Matariki is the Māori New Year celebration. The holiday is named after the Matariki star cluster (also known as the Pleiades), which disappears from our night sky for a time, and reappears in late June, around the winter solstice. 

Matariki is a time to celebrate autumn’s harvest, remember friends and family who have died the previous year, and plan for the new year.

This year, my husband and I will celebrate the harvest with pizza topped with vegetables from the garden, and pie filled with fruit from our berry bushes.

I will remember my grandmother, who passed away in May, just a few days shy of her 97th birthday. Rugs braided by her hands will warm my feet during the chilly days of Matariki.

I will plan for the new year by assessing my seed stock and drawing the 2022-2023 garden map. Although I won’t plan my planting around how the stars of Matariki look when they first appear in the sky, as Māori used to (just as I never planned by Punxsutawney Phil and his Groundhog Day predictions), but I am pleased to note the sky has been crystal clear for the past few days—clear, bright Matariki stars signify an early planting season. Just as a shadowless groundhog used to make me hope for an early spring, bright Matariki stars do the same.

Celebrating Matariki feels natural and right here in Aotearoa. When the children were young, we always celebrated the winter solstice. I made special solstice cakes, decorated to celebrate darkness or welcome the soon-to-be-lengthening days. We’d give the kids little gifts—a flashlight, or some winter-appropriate craft supplies. We made candle holders and dipped beeswax candles. We had a special dinner in the light of the candles we’d made. It wasn’t a huge celebration—just something to mark the season and look forward to during the short, dark winter days.

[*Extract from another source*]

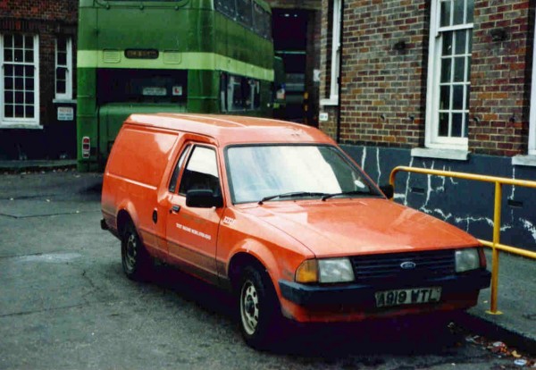 Details: Ford Escort vans have been used for lighter duties for many years. Shown here in the unlikely surroundings of Dorking bus garage (which ceased to be part of London Transport in 1970) is 3232F (A919WTL), lettered for the Ticket Machine Works. Behind the van is an ex-Glasgow, Alexander-bodied Leyland Atlantean, by then owned by London Country South West. |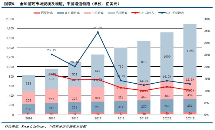 手游市场增速领跑全类型游戏市场,未来势头有望保持。根据Frost & Sullivan的资料,全球游戏市场在过去保持了稳定的增长,由2014年的820亿美元增至2018年的1399亿美元,复合年增长率为14.3%。全球游戏市场预计增长至2021年的1893亿美元,自2018年以来的复合年增长率为8.9%。手机游戏市场分部取得显著发展,由2014年的338亿美元增至2018年的780亿美元,复合年增长率为23.3%,其主要是由于移动手机的流行及移动互联网的渗透加深,此在发展中国家及地区(比如中国和东南亚)尤为明显。手机游戏市场有望保持该增长势头,于2021年达到约1128亿美元。以下为列Frost & Sullivan自2014年至2021年全球游戏市场按收入及设备划分的过往及预测的市场规模。

As the kids grew older, they weren’t interested in candle making or other crafts. We still enjoyed candlelight dinners on the solstice, but most of the other parts of our celebration fell away. Now that Matariki is an official holiday, I expect some of our solstice celebration will make its way into our Matariki celebrations.

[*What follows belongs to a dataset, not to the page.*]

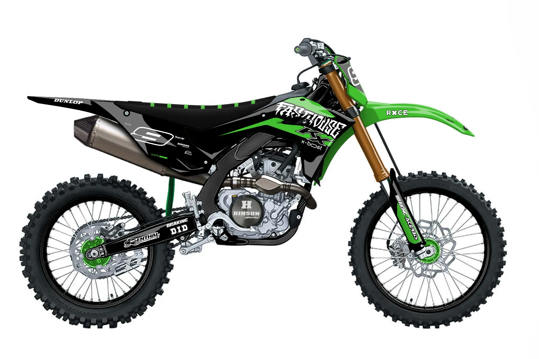 «DesignHouse» — готовый комплект графики серии Flow для Kawasaki MX Graphic Kit Kawasaki KX250F 2025. В комплекте: графика на бак и боковые облицовки, крылья (переднее и заднее), передний щиток, номерные таблички, защита вилки. Материал: ПВХ-винил 80 мкр с холодной ламинацией 300 мкр, общая толщина 380 мкр; покрытие глянцевое или матовое на выбор. Устойчив к UV-излучению, воде, бензину и мойке высокого давления. Клей акриловый на сольвентной основе — постоянный, для гибких пластиков. На простых поверхностях монтируется без нагрева; для сложных изгибов рекомендуем фен. Этот пресет можно заказать как есть или взять за основу в конструкторе: поменять цвета, добавить стартовый номер и свой бренд. Производство — 3–5 рабочих дней, доставка по России СДЭКом или Почтой, по СНГ — курьерскими службами.

Like us, many New Zealanders will be creating new traditions this year, mapping out what Matariki looks like today, mixing traditional Māori celebrations with the myriad cultures that make up modern day New Zealand. I hope as we all move forward with our celebrations, we can resist the commercialisation that has plagued other holidays and remain focused on the deeper meanings behind Matariki and its intimate connection to the land.

Christmas Baking Makeover

I grew up in North America, with all the traditional Christmas things—snow, dark days and long nights, crackling fires, Christmas lights, cookies, pies, hot drinks—Norman Rockwell might have painted my childhood Christmases.

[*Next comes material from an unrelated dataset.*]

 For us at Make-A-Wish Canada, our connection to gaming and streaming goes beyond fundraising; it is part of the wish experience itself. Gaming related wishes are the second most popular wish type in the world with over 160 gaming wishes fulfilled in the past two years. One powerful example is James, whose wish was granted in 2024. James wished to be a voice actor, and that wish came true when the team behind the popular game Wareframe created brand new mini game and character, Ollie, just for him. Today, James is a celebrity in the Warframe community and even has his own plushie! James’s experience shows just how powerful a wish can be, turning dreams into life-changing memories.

Nearly 17 years ago, we moved to New Zealand, to summertime Christmases. Here, strawberries, cherries, and long summer days herald the season. 

I always loved the baking aspect of Christmas in North America—Mum amassed dozens of types of cookies in the freezer in the weeks leading up to Christmas. The kids always got involved in the baking, and we’d gorge on cookies through the holidays.

I still love baking, but I struggle to dredge up much enthusiasm for Christmas cookies here. With fresh early summer fruits in season, it seems ridiculous to bake cookies that capitalise on stored foods like dried fruits, nuts and chocolate. What I crave is strawberry tarts, black currant pie, and gooseberry crisp. Or better yet, fresh fruit salad—forget the baking altogether.

Out of a sense of nostalgia, I’ve continued to bake a few Christmas cookies every year, alongside the fruit desserts, but 2021 might be the year that changes.

As everyone has experienced this year, supply chains are disrupted worldwide. It has led to shortages of various items from foods to electric cars. A few weeks ago, most of the brown sugar in New Zealand was recalled, because of lead contamination that occurred during shipping. We all dutifully threw away our brown sugar, and wanted to buy more. Of course, there was none. There’s still none, weeks after the recall.

It looks like a staple of Christmas baking will be unavailable this year.

I admit I’m not terribly upset by it. I’ve been wanting to move more toward using locally produced honey instead of imported sugar, and this looks like the perfect opportunity to break the brown sugar habit. Also, it gives me an excuse not to make Christmas cookies, but to focus instead on enjoying the fruit that is already ripening in the garden.

This might be the year that my baking finally makes the switch to the Southern Hemisphere.

To make it even more tempting to go full Kiwi, Matariki has finally been made an official holiday. The Māori new year happens near the winter solstice in June—the perfect time for eating cookies and enjoying hot chocolate. I may have to start making Matariki cookies instead of Christmas cookies. I will enjoy them so much more at Matariki.

So bring on the fruit, some icy lemonade, and the sunscreen! Hold the brown sugar—I won’t be needing it. Christmas baking is getting a makeover.